世界のオリンピック村の現在、「廃墟のまま放置」の事例も

2012年のロンドン大会で選手村として使われた建物(Getty Images)

2012年のロンドン大会で選手村として使われた建物(Getty Images)

オリンピックの開催都市は通常、アスリート専用のオリンピック村を建設し、数万人の選手たちを収容しているが、大会終了後の建物や土地は様々な用途に転用されている。

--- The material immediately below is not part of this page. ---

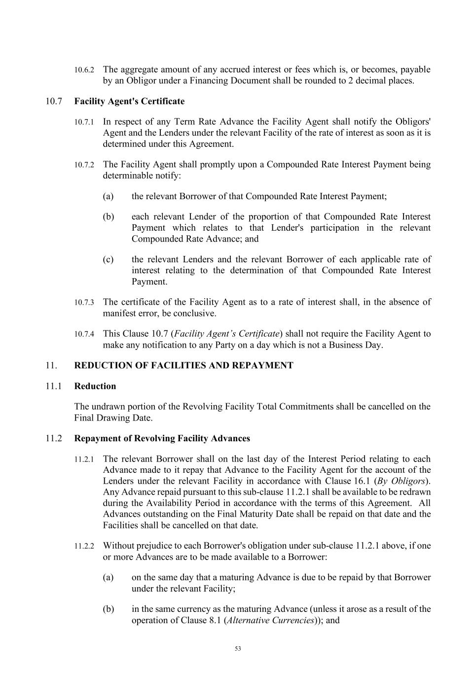 53 10.6.2 The aggregate amount of any accrued interest or fees which is, or becomes, payable by an Obligor under a Financing Document shall be rounded to 2 decimal places. 10.7 Facility Agent's Certificate 10.7.1 In respect of any Term Rate Advance the Facility Agent shall notify the Obligors' Agent and the Lenders under the relevant Facility of the rate of interest as soon as it is determined under this Agreement. 10.7.2 The Facility Agent shall promptly upon a Compounded Rate Interest Payment being determinable notify: (a) the relevant Borrower of that Compounded Rate Interest Payment; (b) each relevant Lender of the proportion of that Compounded Rate Interest Payment which relates to that Lender's participation in the relevant Compounded Rate Advance; and (c) the relevant Lenders and the relevant Borrower of each applicable rate of interest relating to the determination of that Compounded Rate Interest Payment. 10.7.3 The certificate of the Facility Agent as to a rate of interest shall, in the absence of manifest error, be conclusive. 10.7.4 This Clause 10.7 (Facility Agent’s Certificate) shall not require the Facility Agent to make any notification to any Party on a day which is not a Business Day. 11. REDUCTION OF FACILITIES AND REPAYMENT 11.1 Reduction The undrawn portion of the Revolving Facility Total Commitments shall be cancelled on the Final Drawing Date. 11.2 Repayment of Revolving Facility Advances 11.2.1 The relevant Borrower shall on the last day of the Interest Period relating to each Advance made to it repay that Advance to the Facility Agent for the account of the Lenders under the relevant Facility in accordance with Clause 16.1 (By Obligors). Any Advance repaid pursuant to this sub-clause 11.2.1 shall be available to be redrawn during the Availability Period in accordance with the terms of this Agreement. All Advances outstanding on the Final Maturity Date shall be repaid on that date and the Facilities shall be cancelled on that date. 11.2.2 Without prejudice to each Borrower's obligation under sub-clause 11.2.1 above, if one or more Advances are to be made available to a Borrower: (a) on the same day that a maturing Advance is due to be repaid by that Borrower under the relevant Facility; (b) in the same currency as the maturing Advance (unless it arose as a result of the operation of Clause 8.1 (Alternative Currencies)); and

2012年のロンドン大会で選手村として使われた建物群は、レストランやショップに加え約3000戸のアパートメントで構成される「イースト・ビレッジ」に変貌し、2ベッドルームの住居が最も高額な場合100万ドル程度で販売されている。

2016年のリオデジャネイロのオリンピック村はその後、高級コンドミニアムに改築されたが、報道によると長年、空き家のまま放置されている。

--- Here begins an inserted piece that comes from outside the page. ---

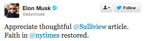 The end result – or what could be expected to be the end result, if not final chapter in this particular saga – is Musk tweeting a simple acknowledgement of the article. "Appreciate thoughtful @Sullivew article" it stated, "Faith in @nytimes restored." Sound alright to you? Have a peek at the timeline below regarding the extended saga to see more details throughout.
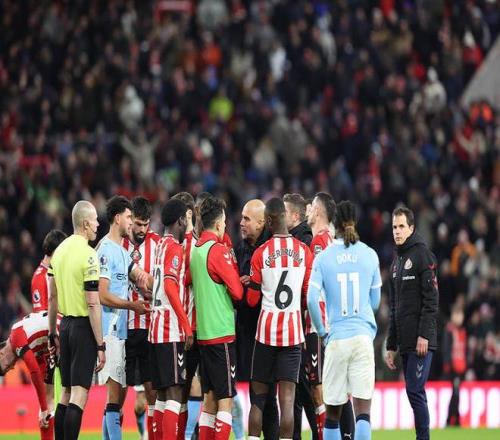 或许是对于丢分失望,赛后多纳鲁马等曼城球星,还与桑德兰球员起了冲突。显然,曼城球员也被桑德兰的主场表现和顽强的防守,给气到破防了。

1972年のミュンヘン大会で選手を収容したオリンピック村は、イスラエルの選手とコーチ11人がパレスチナのテロリスト集団「黒い9月」に人質に取られ、殺害された場所として知られている。この場所は、ミュンヘンで2番目に大きい大学の学生宿舎に生まれ変わろうとしている。

1996年に開催されたアトランタ大会の選手宿舎も、大会の終了後に学生宿舎に転用された。最初はジョージア州立大学に使用された後、2007年にジョージア工科大学に移管された。

2014年冬季五輪のソチ大会で選手が滞在した、黒海沿岸の保養地ソチの海辺の住宅の大半は、リゾート施設に転用されている。ソチ大会には総額500億ドル(約5.5兆円)以上の費用が注ぎ込まれ、史上最も高額なオリンピックの一つだったと報道されている。

2006年の冬季大会で使用されたトリノオリンピック村は、住宅地に転用される予定だったが長年の間、廃墟となっていた。その後、2016年にイタリアの移民プログラムが突然終了したのを受け、1000人以上のアフリカ系移民や難民がこの建造物を不法占拠して住み始めた。

東京五輪のために建設された選手宿舎は、大会終了後には住宅用マンションとして改装される予定だ。大会のウェブサイトによると、主催者は「多様な人々が交流し、快適に暮らせる新しいコミュニティ」を確立するための計画を練っているという。